DH and I were going to take a LONG awaited solo vacation in Sept, but now feel like we need to stay relatively close 'just in case.'
(DS is going to school about 90m away.)

Kids transitioning to college can be rough in ways different from them living at home.


His college should have mental health services, I would quickly get him connected into those. It is good for him to start accessing his own support services and they are well versed in college aged issues.
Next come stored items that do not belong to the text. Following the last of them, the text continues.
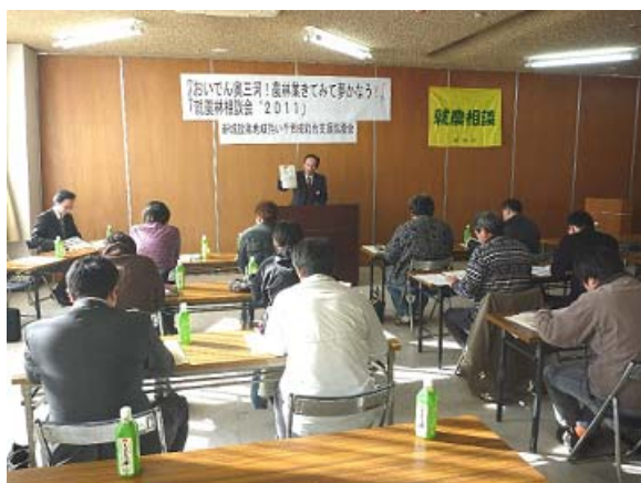
就農相談会の様子（新城市）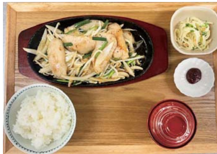
五島豚の 豚トロ旨塩炒 1,280 yen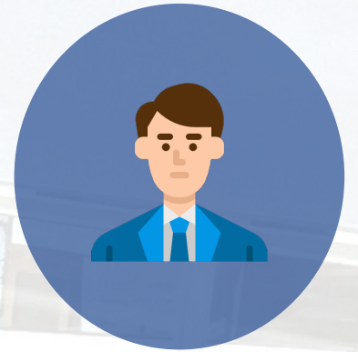
ผู้ประกอบการ

I am a therapist and very adept on knowing signs/getting services and teaching my kid how to get services/advocate for himself. He and I even looked yesterday to see if he could go to the counseling center at his university before school starts vs trying to schedule with his old therapist (he stopped seeing her a year or so ago when things had evened out.) And he already has an appointment with the disability office to get some accommodations (mostly for his learning differences.)
Anonymous
It's great actually. Much better then I thought!
Anonymous
For my parents, I would say no. Firstly, because they didn't have good communication skills and fought ALL the time. That wasn't magically the fault of us kids. Secondly, once we were gone, there was nobody to clean the house but them, and my mom wouldn't do it, so it all fell to my dad who was working a full time job. Which increased his stress which increased their fighting.